> **Problem details**: Only the lines below between the one holding "保定脑血管病救治中心医院的L" and the one holding "24K Gold Plated Shiny, 40cm, Oval", inclusive, are to be reproduced word for word; the pictures are to be left out.

> **Records to process**:
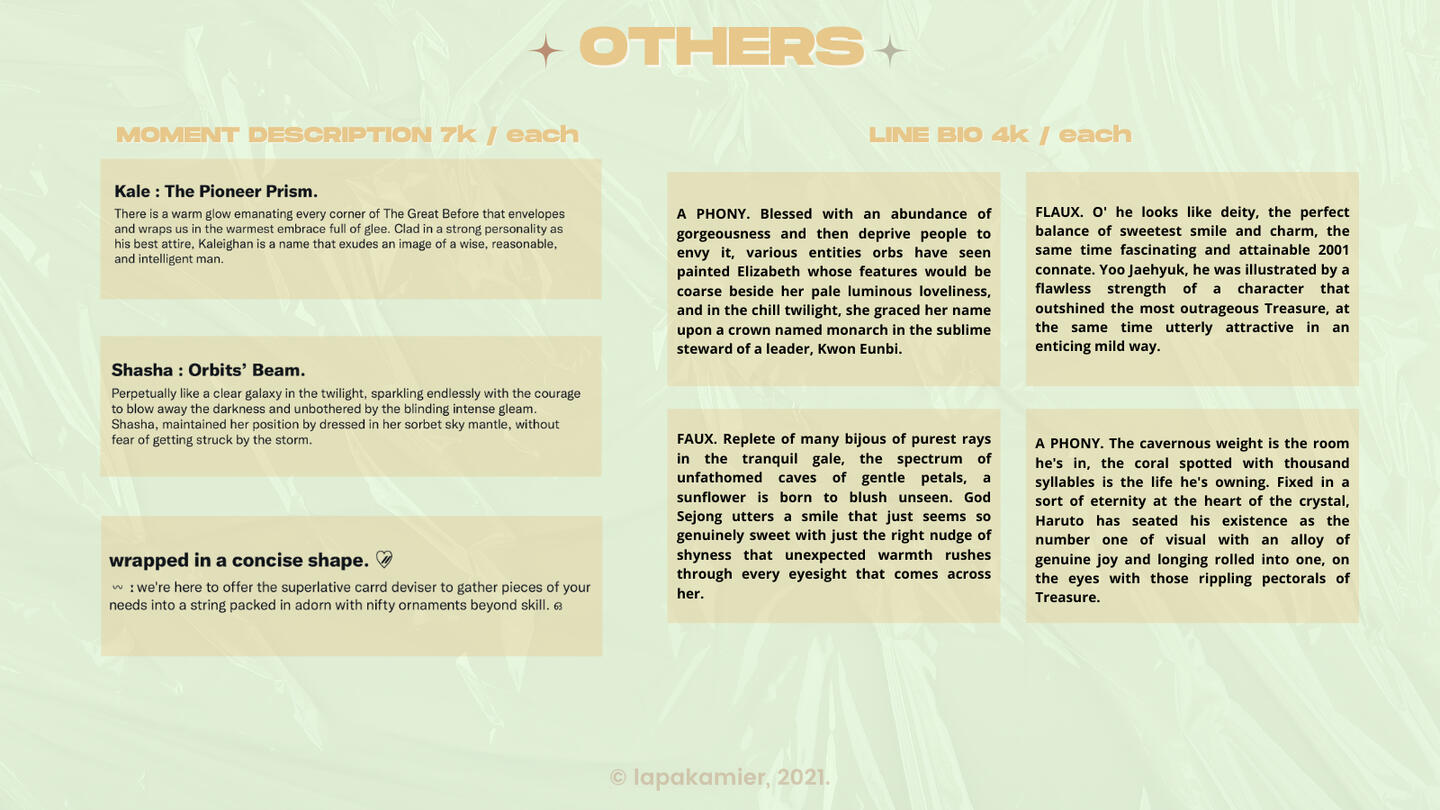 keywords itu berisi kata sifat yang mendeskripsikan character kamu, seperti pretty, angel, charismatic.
* * *
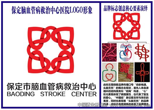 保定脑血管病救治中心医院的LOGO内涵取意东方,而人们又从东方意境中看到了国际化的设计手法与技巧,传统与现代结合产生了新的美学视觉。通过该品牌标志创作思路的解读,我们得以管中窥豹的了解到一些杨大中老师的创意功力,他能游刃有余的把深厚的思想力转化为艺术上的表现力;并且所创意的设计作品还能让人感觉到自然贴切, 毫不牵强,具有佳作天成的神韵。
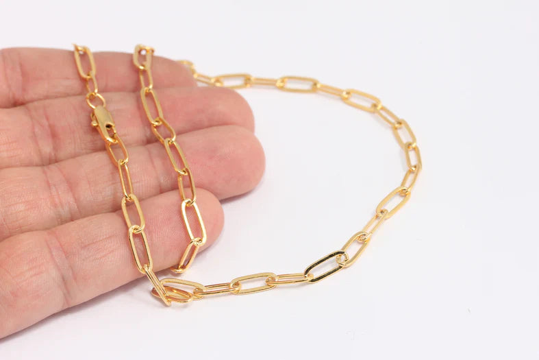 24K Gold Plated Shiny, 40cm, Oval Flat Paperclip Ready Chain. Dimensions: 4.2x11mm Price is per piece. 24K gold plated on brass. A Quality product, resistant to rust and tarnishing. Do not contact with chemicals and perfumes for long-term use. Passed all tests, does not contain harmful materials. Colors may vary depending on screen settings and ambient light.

> **Result**:
 保定脑血管病救治中心医院的LOGO内涵取意东方,而人们又从东方意境中看到了国际化的设计手法与技巧,传统与现代结合产生了新的美学视觉。通过该品牌标志创作思路的解读,我们得以管中窥豹的了解到一些杨大中老师的创意功力,他能游刃有余的把深厚的思想力转化为艺术上的表现力;并且所创意的设计作品还能让人感觉到自然贴切, 毫不牵强,具有佳作天成的神韵。
 24K Gold Plated Shiny, 40cm, Oval Flat Paperclip Ready Chain. Dimensions: 4.2x11mm Price is per piece. 24K gold plated on brass. A Quality product, resistant to rust and tarnishing. Do not contact with chemicals and perfumes for long-term use. Passed all tests, does not contain harmful materials. Colors may vary depending on screen settings and ambient light.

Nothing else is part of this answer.